-------- Dataset content --------

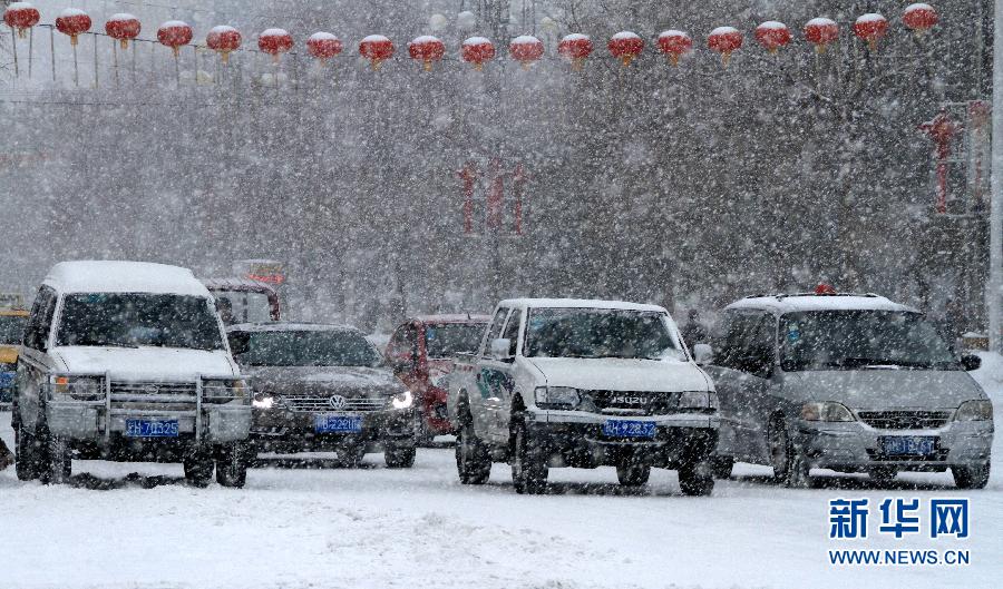 2月13日,车辆行驶在雪中的新疆阿勒泰地区布尔津县城街头。受寒冷气流影响,当日凌晨开始,新疆阿勒泰地区遭遇降雪天气,降雪给牧业生产和当地居民出行带来不便。 新华社发(巴合提别克 摄)
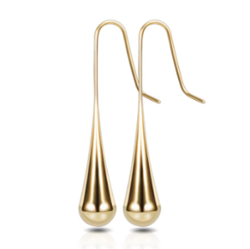 Long water drop gold earrings
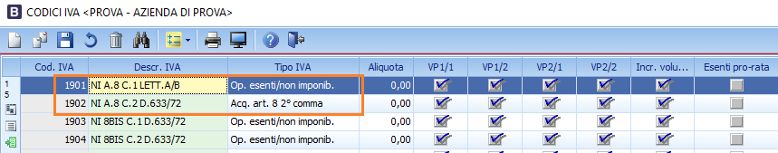 N3 – Non imponibili. Trattasi di operazioni che ricadono nel regime della non imponibilità come ad esempio un'esportazione o una cessione intra-UE. In questo caso va impostato nel tipo IVA 'Op.esente/non imponib.' o 'Acq.art 8 2° comma' Ed Esente pro-rata non spuntato. Esempi nei codici IVA standard sono: 1901, 1902, 1931

--------

Your task: Without the pictures, give every line of the data again, exactly as written.

Finished exercise:
 2月13日,车辆行驶在雪中的新疆阿勒泰地区布尔津县城街头。受寒冷气流影响,当日凌晨开始,新疆阿勒泰地区遭遇降雪天气,降雪给牧业生产和当地居民出行带来不便。 新华社发(巴合提别克 摄)
 Long water drop gold earrings
 N3 – Non imponibili. Trattasi di operazioni che ricadono nel regime della non imponibilità come ad esempio un'esportazione o una cessione intra-UE. In questo caso va impostato nel tipo IVA 'Op.esente/non imponib.' o 'Acq.art 8 2° comma' Ed Esente pro-rata non spuntato. Esempi nei codici IVA standard sono: 1901, 1902, 1931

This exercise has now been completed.